Your task: Please repeat the entries word for word and keep the images out.

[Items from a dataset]
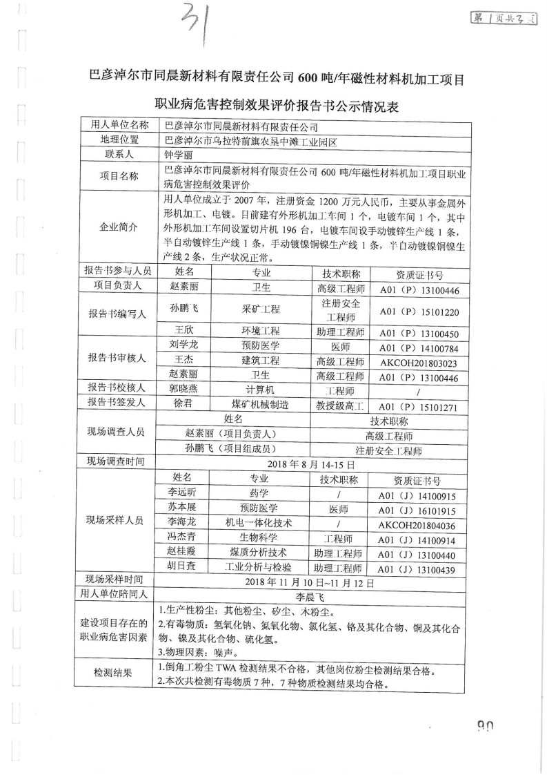安全評(píng)價(jià)項(xiàng)目公示 職業(yè)衛(wèi)生項(xiàng)目公示
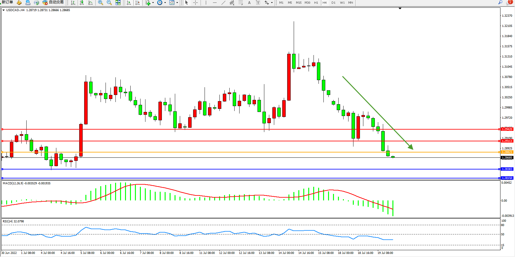 交易策略:1.28821下方看跌,目标1.28383、1.28150
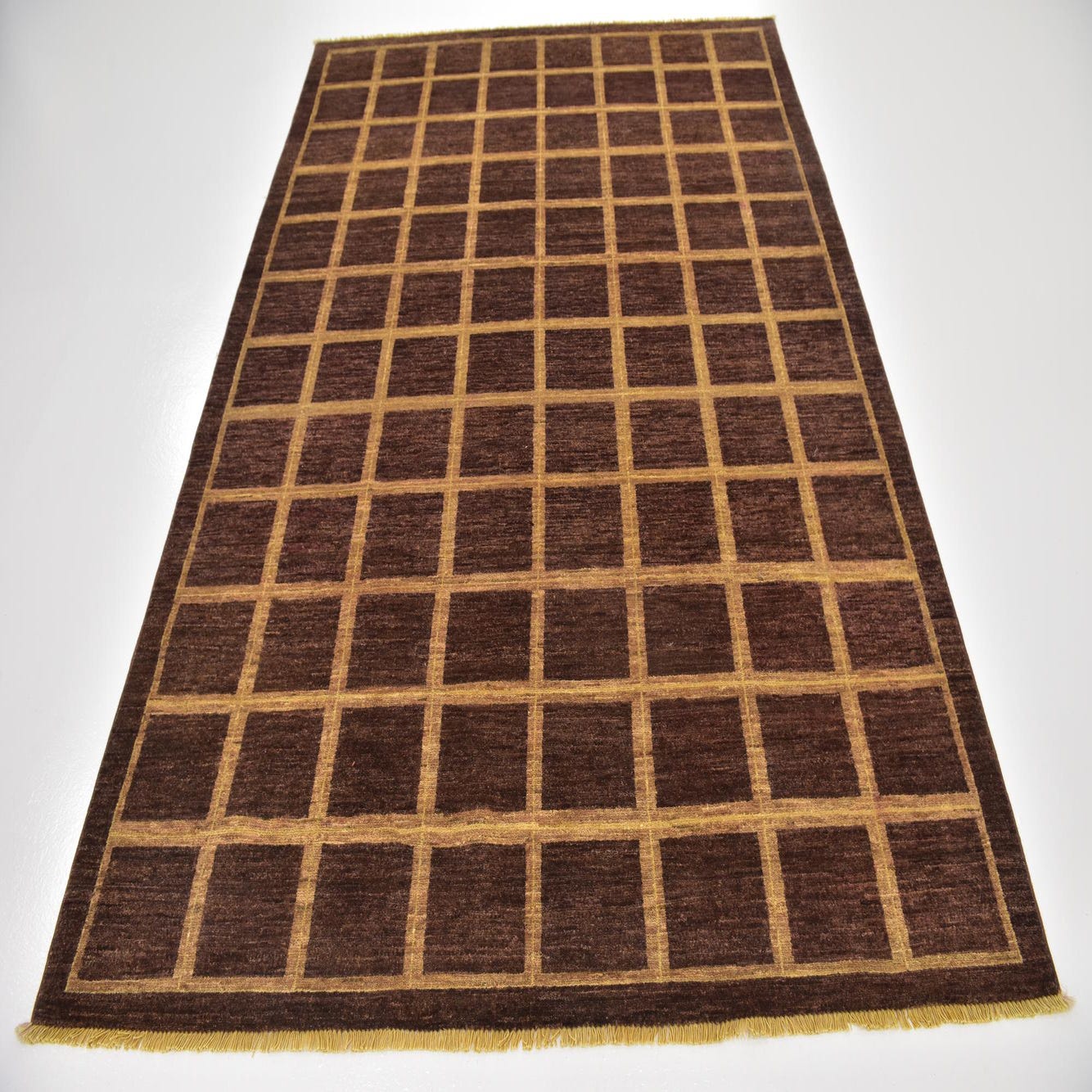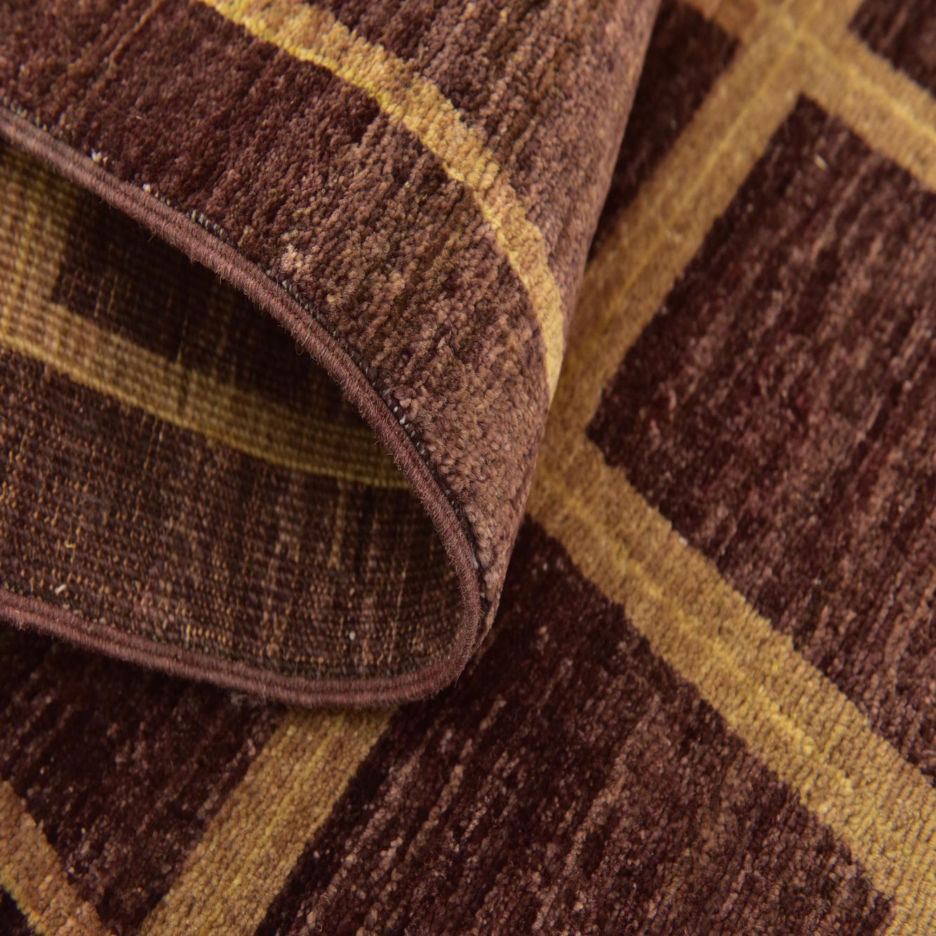 The Modern Ziegler rug is a refined addition to any space, boasting a hand-knotted construction of 100% hand-spun wool. Its dimensions, a versatile 5x8, allow it to comfortably fit a variety of room sizes. The pattern features a contemporary grid design with clean lines that create a sense of structure and sophistication. The color palette consists of brown, cream, and light brown, anchored by a rich brown background that provides depth and warmth to the piece. The texture is characteristic of hand-spun wool, offering a tactile experience that adds to the overall aesthetic appeal.
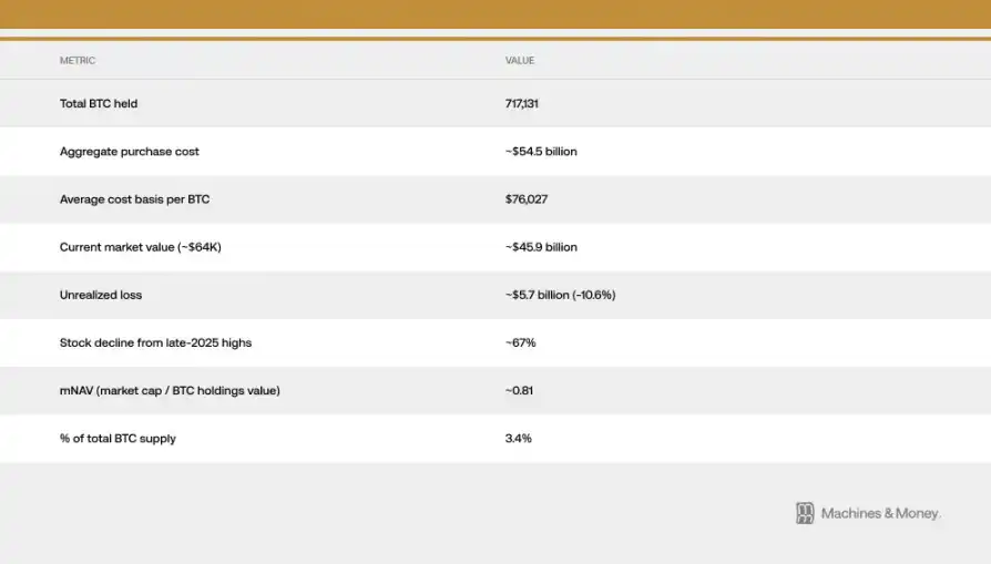 The reflexive loop operates bidirectionally: weak software sector performance drives Strategy’s stock price down, which amplifies Bitcoin bearish sentiment and can even induce actual selling pressure. During corrections, this loop intensified the correlation between Bitcoin and the software index. Since late 2025, Strategy’s stock has fallen about 67% from its high, underperforming IGV and Bitcoin itself.
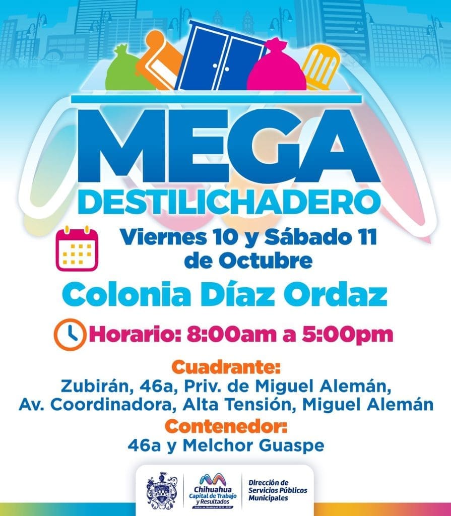 La Dirección de Servicios Públicos del Municipio llevará este viernes 10 y sábado 11 de octubre a la colonia Díaz Ordaz el «Mega Destilichadero» con el cual buscan que la ciudadanía evite el acumulamiento de tiliches en la vía pública y en las viviendas.

Exercise output:
安全評(píng)價(jià)項(xiàng)目公示 職業(yè)衛(wèi)生項(xiàng)目公示
 交易策略:1.28821下方看跌,目标1.28383、1.28150
 The Modern Ziegler rug is a refined addition to any space, boasting a hand-knotted construction of 100% hand-spun wool. Its dimensions, a versatile 5x8, allow it to comfortably fit a variety of room sizes. The pattern features a contemporary grid design with clean lines that create a sense of structure and sophistication. The color palette consists of brown, cream, and light brown, anchored by a rich brown background that provides depth and warmth to the piece. The texture is characteristic of hand-spun wool, offering a tactile experience that adds to the overall aesthetic appeal.
 The reflexive loop operates bidirectionally: weak software sector performance drives Strategy’s stock price down, which amplifies Bitcoin bearish sentiment and can even induce actual selling pressure. During corrections, this loop intensified the correlation between Bitcoin and the software index. Since late 2025, Strategy’s stock has fallen about 67% from its high, underperforming IGV and Bitcoin itself.
 La Dirección de Servicios Públicos del Municipio llevará este viernes 10 y sábado 11 de octubre a la colonia Díaz Ordaz el «Mega Destilichadero» con el cual buscan que la ciudadanía evite el acumulamiento de tiliches en la vía pública y en las viviendas.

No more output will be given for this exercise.